Экранизация, Фильм-спектакль |
Валерий Фокин |
1 января 2008 |
На экране идет снег. Снег падает, его словно засасывает в воронку, и двухметровая шинель, громоздящаяся посреди площадки, кажется этой самой воронкой. Снег медленный и подрагивающий, как в норштейновских мультфильмах. Вдруг из-за воротника шинели вылупляется, покачиваясь на тонкой шее, голова — плешивая старческая макушка с парой серых перышек. Кукольные стеклянные глаза обводят взглядом пустую сцену, и голова исчезает в недрах шинели. Через некоторое время внизу, между полами, как в проеме занавеса, появляется сам старичок, выписывает круги на полусогнутых: «Кхе-хе-хе». Усаживается на канцелярскую скамеечку, вынимает из-за пазухи перо, причесывает им волоски на голове. Выводит на бумаге, настраивается: «Ми-ми-ми… Ми-ла-стивый гас-падин…»
Марина Неелова играет Акакия Акакиевича Башмачкина в спектакле по гоголевской «Шинели». Почти год назад этой «Шинелью» открылся новый, по сути, театр — Другая сцена московского «Современника», выстроенная для новаций. Первым новатором пригласили Валерия Фокина, чей Мейерхольдовский центр такими экспериментами и занимается. Идея дать Нееловой сыграть Башмачкина принадлежит ее другу Юрию Росту, и это отличная идея — о ней было известно давно, и спектакля ждали.
Дар Нееловой к травестии — комический по природе дар — поддерживается ее трагедийным строгим темпераментом: редкостное сочетание качеств. Она ни на секунду не впадает в раж, ни в одном жесте не перебирает, играя не свой возраст, — стоит вспомнить обе ее роли в «Сладкоголосой птице юности», стареющей кинодивы и усохшей до срока невесты. Башмачкин в исполнении Нееловой — грандиозный аттракцион. Узнать большую актрису в крохотном старике, что бережет силы для каждого движения, невозможно, между ней и ролью нет ни одной щели.

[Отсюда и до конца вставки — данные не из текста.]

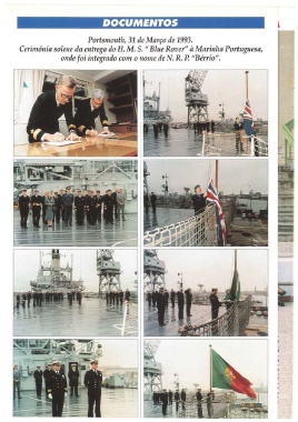 DOCUMENI'OS Portsmouth, 31 de Março de 1993. Cerimónia solene da entrega do H. M. S. " Blue Rover" à Marinha Portuguesa, onde foi integrado com o nome de N. R. P. "Bérrio".

Дар Фокина, в свою очередь, заключается в умении заворожить, заморочить зрителя мистическим маревом вздохов, заполошных вскрикиваний, мелькающими по стенам тенями. «Шинель», видать, тянули за полы в разные стороны. Нееловой очень хочется сыграть саму историю несчастного Башмачкина, прожить ее до соснового гроба, но Фокин в вопросе психологии и человеческих историй не профессор. В его сочинении, как обычно, темные фигуры бродят по галереям над головами зрителей, мечутся по экрану тени, голосят артисты ансамбля «Сирин» Андрея Котова и чудит со звуками и шумами Александр Бакши. Старая рыжая шинель, служившая в начале Башмачкину домом, оборачивается у Фокина в финале гробом. Но по-настоящему фокинская (и гоголевская) тема должна бы начинаться там, где заканчивается спектакль, — за гробом, когда у Калинкина моста появляется мертвец, хватая прохожих за воротники. К консенсусу стороны могли бы прийти, когда б остановили спектакль на двадцатой минуте — тогда о нем, как о «Шинели» Норштейна, можно было бы продолжать мечтать, рассказывая знакомым: «Гениальное начало!»